Delaware’s combined government/industry panel continues to study the industry’s results as it prepares a report on how the state can help the industry. The committee’s chairman, state Finance Secretary Tom Cook, is weighing how to aid the casinos but minimize the hit to the state budget.

Recommendations delayed one month

A panel of Delaware government officials missed its January 31 deadline to deliver a report to the state legislature recommending how to help the state’s ailing racinos.

The Delaware Lottery and Gaming Study Commission, created last fall to consider tax breaks, elimination of fees and even creation of non-racetrack casinos as ways to boost sagging gaming revenue to the state, has not been able to agree on the best path to stem losses by the state’s three racinos. Executives of the three racinos—Delaware Park, Dover Downs and Harrington Raceway—have made presentations before the commission outlining losses each has experienced from new competition in Maryland and Pennsylvania, a burden they say has been exacerbated by the state’s high revenue tax and fee structure.

Neither the legalization of table games, limited parlay-style betting on NFL games, nor the launch of internet gaming (hampered by the tiny size of the state) has helped turn the profit picture around for the racinos.

The racino executives have pleaded for a reduction in the gaming revenue tax, now effectively over 60 percent, and reduction or elimination of various recurring fees. Investors for developers seeking non-racetrack casinos in New Castle and Sussex counties have testified before the commission that too much of the racinos’ profits have gone to dividends and bonuses for executives, and have plugged the new revenue possible from new, carefully placed venues—a prospect operators say will put one or more of the current facilities out of business.

The nine-member commission, chaired by state Finance Secretary Tom Cook, includes a bipartisan group of lawmakers, a representative from the State Chamber of Commerce and Alan Levin, director of the Delaware Economic Development Office.

Last week, Cook informed the legislature that the group will need until February 28 to deliver its report to lawmakers.

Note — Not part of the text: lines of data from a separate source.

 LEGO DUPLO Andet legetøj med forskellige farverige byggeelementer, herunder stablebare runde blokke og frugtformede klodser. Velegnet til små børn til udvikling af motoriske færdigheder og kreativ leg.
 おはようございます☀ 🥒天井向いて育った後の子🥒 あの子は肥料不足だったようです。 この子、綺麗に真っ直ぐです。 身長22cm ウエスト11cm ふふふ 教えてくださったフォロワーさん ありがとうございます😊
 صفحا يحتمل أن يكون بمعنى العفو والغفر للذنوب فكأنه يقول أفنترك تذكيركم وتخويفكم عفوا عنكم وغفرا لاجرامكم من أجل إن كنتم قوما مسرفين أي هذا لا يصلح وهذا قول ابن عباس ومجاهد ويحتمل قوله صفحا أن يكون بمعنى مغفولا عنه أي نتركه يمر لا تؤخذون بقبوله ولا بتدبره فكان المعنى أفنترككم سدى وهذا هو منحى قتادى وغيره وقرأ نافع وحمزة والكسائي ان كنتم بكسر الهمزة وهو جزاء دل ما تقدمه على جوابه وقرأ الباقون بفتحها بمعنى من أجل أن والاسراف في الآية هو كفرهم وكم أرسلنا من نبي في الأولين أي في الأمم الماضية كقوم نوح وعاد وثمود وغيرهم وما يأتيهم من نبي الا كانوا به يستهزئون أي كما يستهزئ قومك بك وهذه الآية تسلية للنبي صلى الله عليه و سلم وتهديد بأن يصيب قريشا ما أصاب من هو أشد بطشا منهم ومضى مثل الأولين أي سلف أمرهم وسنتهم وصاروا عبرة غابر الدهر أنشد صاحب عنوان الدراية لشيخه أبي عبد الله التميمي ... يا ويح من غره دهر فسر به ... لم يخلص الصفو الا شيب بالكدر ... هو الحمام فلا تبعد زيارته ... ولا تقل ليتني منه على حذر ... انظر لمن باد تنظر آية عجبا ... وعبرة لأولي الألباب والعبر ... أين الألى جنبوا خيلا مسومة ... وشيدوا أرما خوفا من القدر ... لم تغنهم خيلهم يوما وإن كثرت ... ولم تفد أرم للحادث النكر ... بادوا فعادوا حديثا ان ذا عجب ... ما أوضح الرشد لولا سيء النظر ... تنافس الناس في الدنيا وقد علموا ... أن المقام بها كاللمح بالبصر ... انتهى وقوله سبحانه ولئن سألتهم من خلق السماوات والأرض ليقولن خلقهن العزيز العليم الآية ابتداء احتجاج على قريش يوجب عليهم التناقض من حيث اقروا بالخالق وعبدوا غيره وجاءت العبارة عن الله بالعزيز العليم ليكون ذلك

According to an Associated Press report, a key issue is weighing the hit to the state General Fund against any tax or fee breaks given to the casinos. Members are considering reductions in the state cut of gaming revenues, and redistributing profits among casinos, horse-racing operations and the general fund.

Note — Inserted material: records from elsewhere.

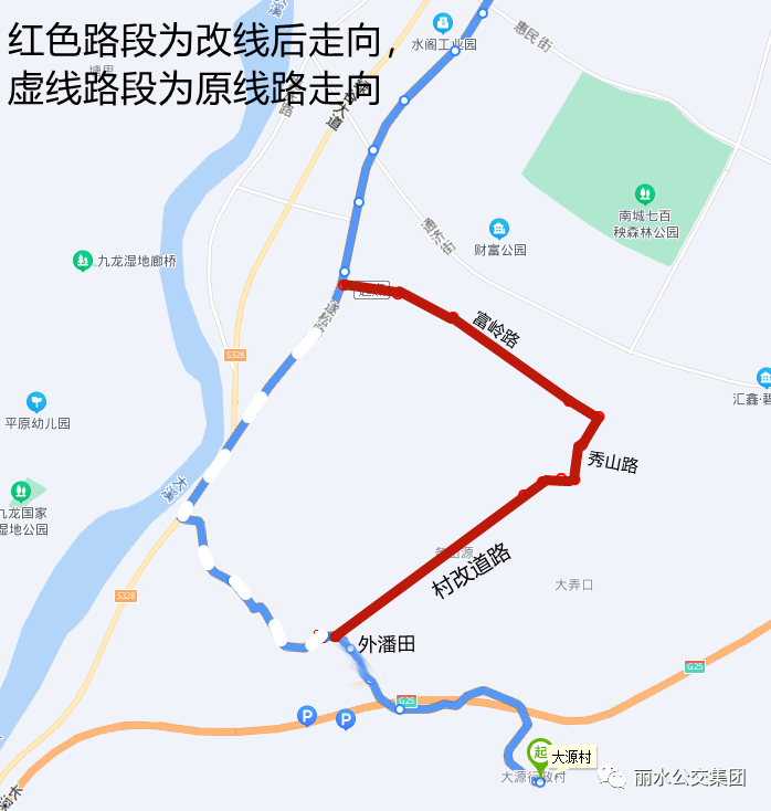 为解决该路段百姓出行需求,从12月22日起,对上述线路进行临时调整,线路走向将调整未起点(水阁小学)途经遂松路-富岭路-秀山路-村改道路-外潘田(旺能公司)至终点站(大源村和下樟村),取消上沙溪路口、上沙溪、沙溪公交枢纽站、沙溪村四个停靠站点,运营首末班时间不变。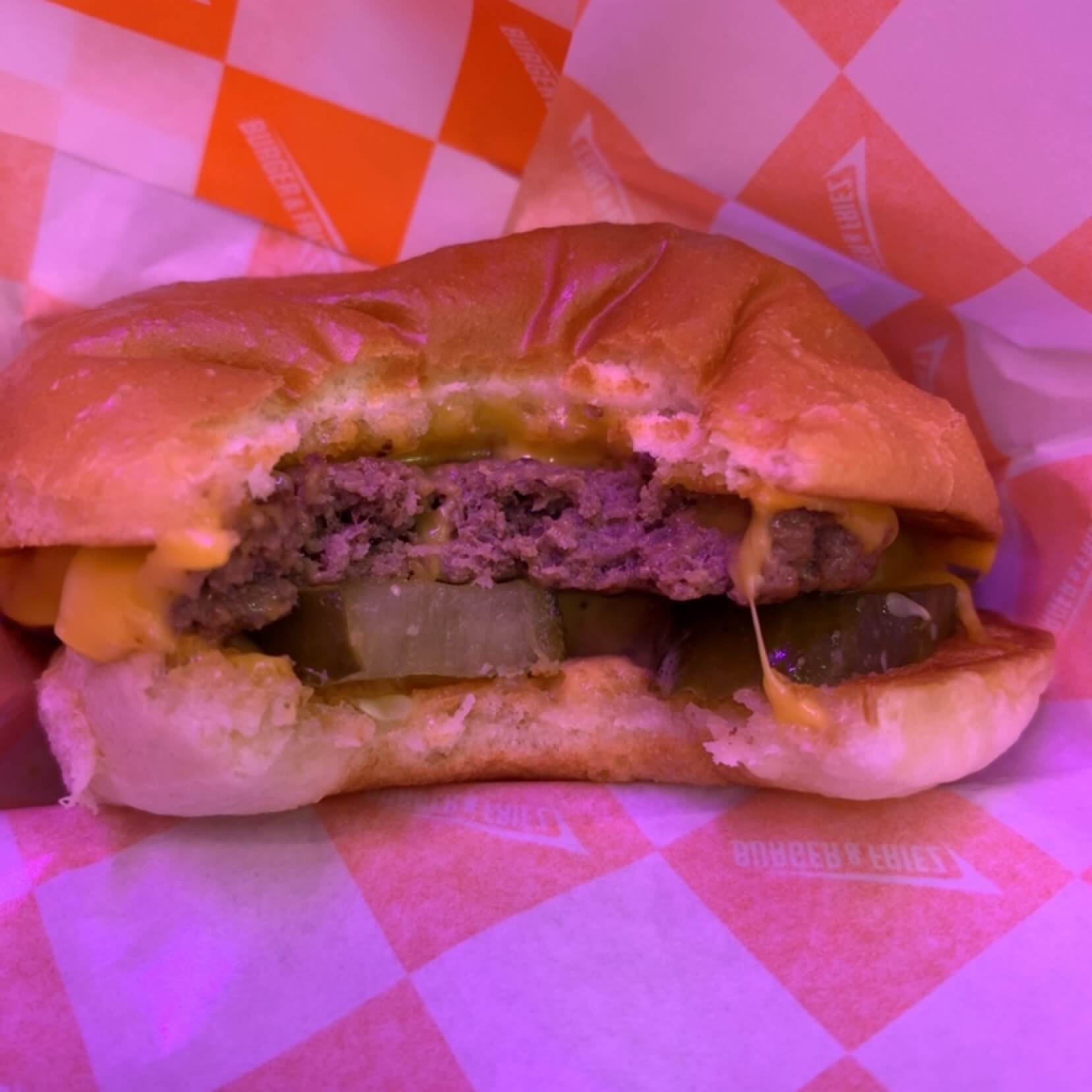 햄버거가 나왔습니다. 햄버거 용기 높이가 딱 먹기 좋은 높이예요. 햄버거 안에 내용물이 흐르지 않으면서도 봉지를 뒤로 젖혀야 먹는 번거로움 없이 바로 먹을 수 있게 한 아이디어 좋더라고요. 맛은,, 일단 식감이 너무 부드러워서 깜짝 놀랐습니다. 부드러움이 거의 마시멜로급. 햄버거가 이렇게 쫀득할 수 있구나 싶었습니다. 수제버거라 맛은 당연히 있었고요. 미국 체다치즈를 썼다는데 저는 입맛이 둔해서 그런지 잘 모르겠더군요.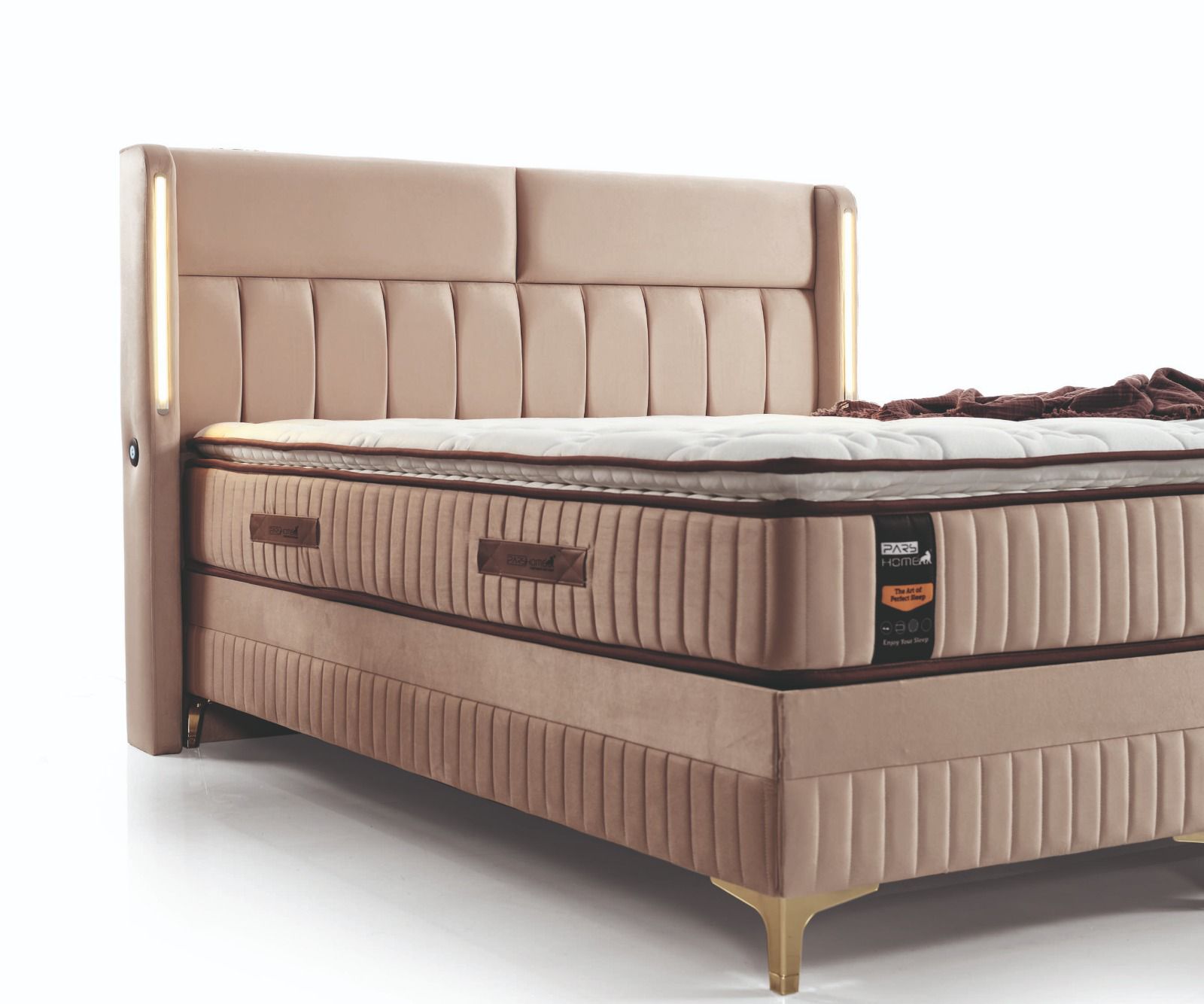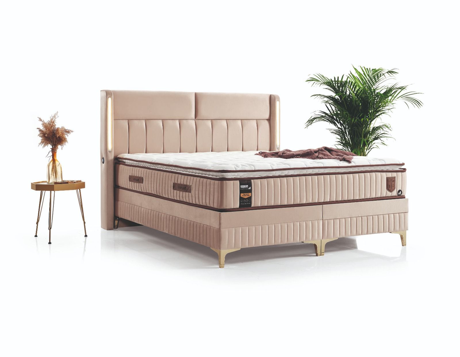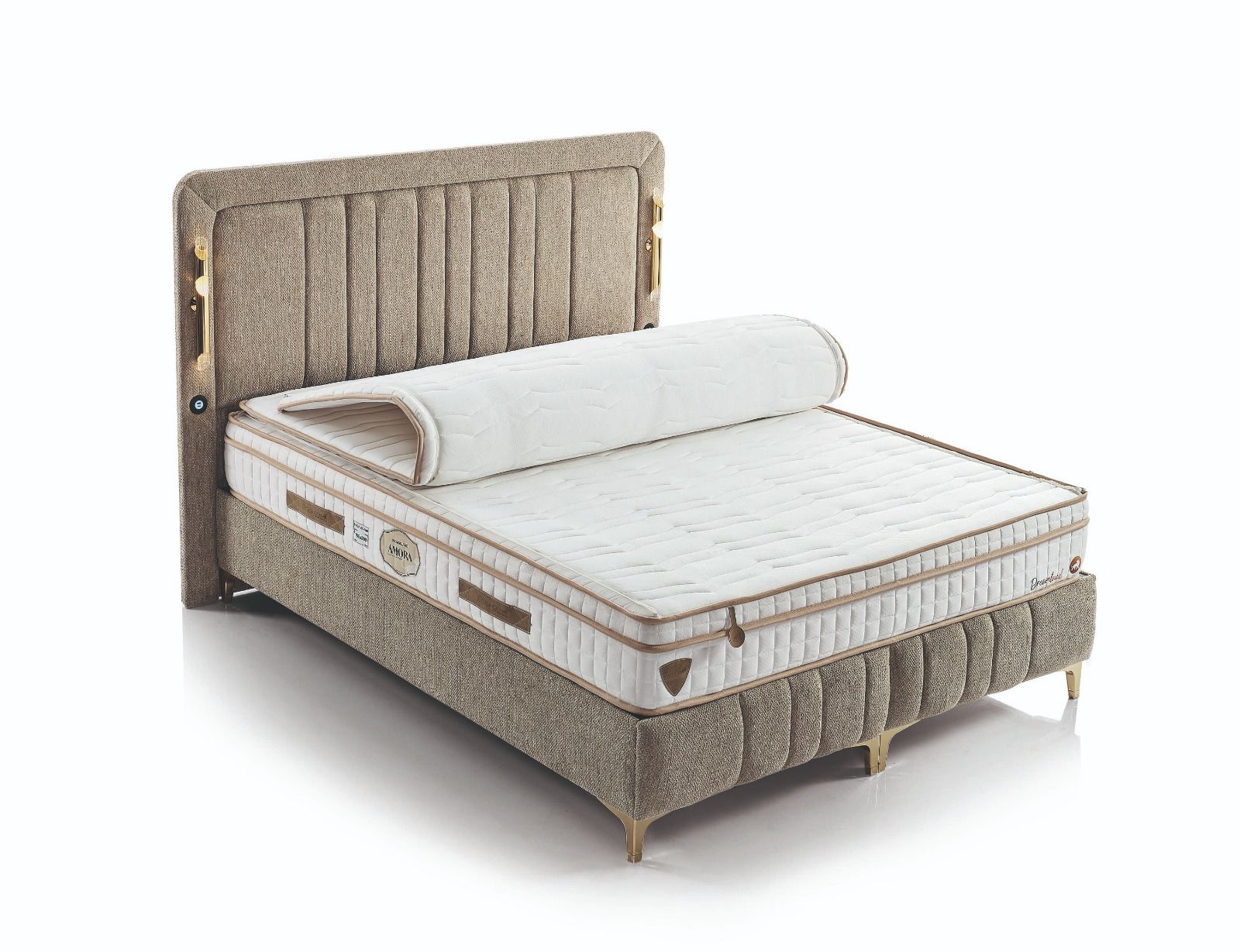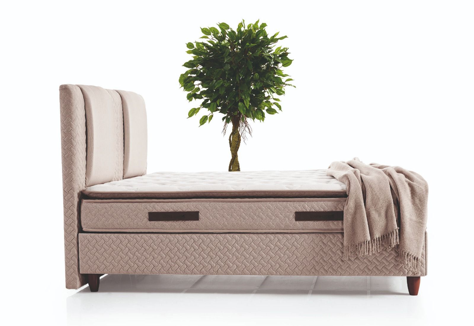 yumuşak formlar, huzur veren bir atmosfer oluştururken; kaliteli kumaşı ve ergonomik yapısı üst düzey uyku konforu sunar. Sağlam baza

“This is something that deserves the appropriate amount of time,” Cook told Delaware’s News Journal, “and the commission has worked hard for the past six months, but we’re just not totally there to make a quality recommendation.”

Meanwhile, results reported for the fourth quarter of 2013 provided little relief for Delaware properties, other than a narrower quarterly loss for Dover Downs Gaming and Entertainment.  Net earnings for the year were only $13,000, compared to $4.8 million in 2012.

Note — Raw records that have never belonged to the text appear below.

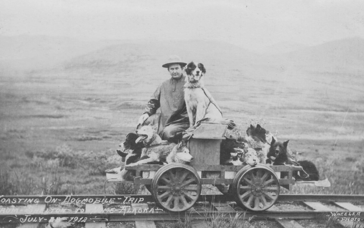Wow. I've seen pictures of horses providing motive power on railways - trams and shunting wagons; and I've seen pictures of big dogs pulling child-sized dog carts on estate roads. But I never thought that I'd see dogs used as motive power on a railway.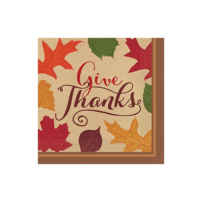 Add our Autumn Traditions Beverage Napkins to your Thanksgiving tables! Each napkin features a kraft background with colorful fall leaves and the message "Give Thanks". Measures 5" x 5" when folded. Includes 36 - 2 ply napkins per package.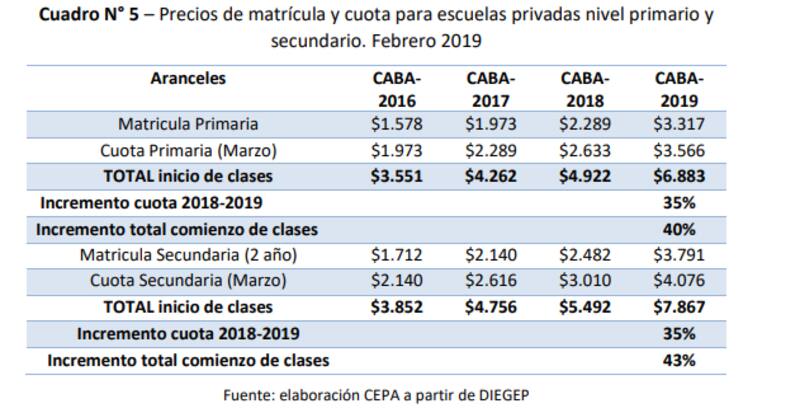 Según lo revelado por un informe del Centro de Economía Política Argentina (CEPA), la canasta escolar, integrada por 12 útiles para un alumno en educación primaria, tuvo un costo de $ 1007,60 en febrero y evidenció un aumento de 54% respecto al mismo período de 2018. En tres años, la suba ya acumula un 229%.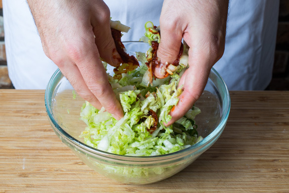 In einem mittelgroßen Topf ausreichend gesalzenes Wasser für die Nudeln zum Kochen bringen. Den Chinakohl in sehr feine Streifen schneiden oder hobeln, mit 1TL Salz gut verkneten und ca. 10Min. ziehen lassen.
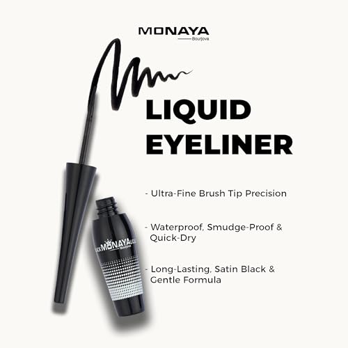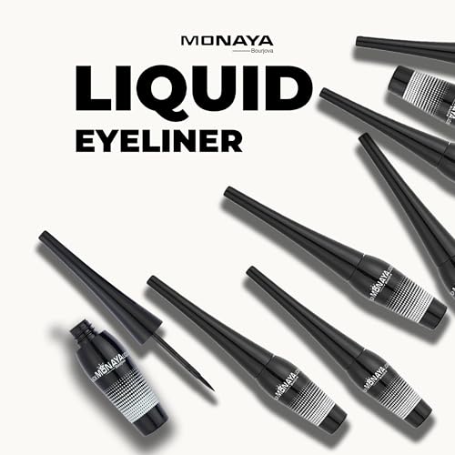 Monaya - قلم تحديد عيون سائل أسود لطيف، مكياج يدوم طوال اليوم برأس فرشاة دقيق ولمسة نهائية من الساتان تدوم طويلًا، مقاوم للتلطخ ومقاوم للانتقال - OSL-N006 من مونايا برجوفا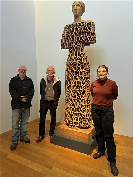 Een van de vele sculpturen in beeldengalerij Het Depot die mij vanaf de eerste aanblik boeide, was het beeld ‘ Sappho’ van beeldhouwer Gerhard Lentink. Hij maakte van deze Griekse dichteres een beeld, opgebouwd uit letters, letters die van de voeten naar de kruin in spiraalvorm de (niet complete) tekst vormen van een van haar gedichten. Fascinerend vond ik het om te zien hoe in dit houten beeld poëzie, beeldende kunst, vormgeving en typografie samenvielen. Onmiddellijk kwam bij mij de wens op om op basis van dit beeld een uitgave te maken die het 45-jarig bestaan van de Atalanta Pers zou vieren. Het was 2023, dus ik had nog een jaar om het idee waar te maken. Ik bezocht de beeldhouwer op zijn atelier en ook zocht ik contact met dichters die mogelijk mee zouden willen werken aan een poëtische dialoog over Sappho. Een man en een vrouw zouden het moeten zijn en natuurlijk zou kennis van de klassieken een pre of misschien wel een voorwaarde zijn. Het werd geen makkelijk traject en het zou nog een paar jaar duren voordat het plan voor deze uitgave ook werkelijkheid zou kunnen gaan worden.

“I think the numbers validate the story we’ve been telling everyone basically, and most particularly those who do control our destiny,” Dover Downs President and CEO Denis McGlynn told the News Journal. “It doesn’t take a rocket scientist to figure out what next year is going to look like.”

The state’s two other racinos are private and do not report revenue figures publicly. However, officials of Delaware Park told the panel they expect a 17 percent drop in 2013 revenues, with Harrington projecting a 4 percent drop.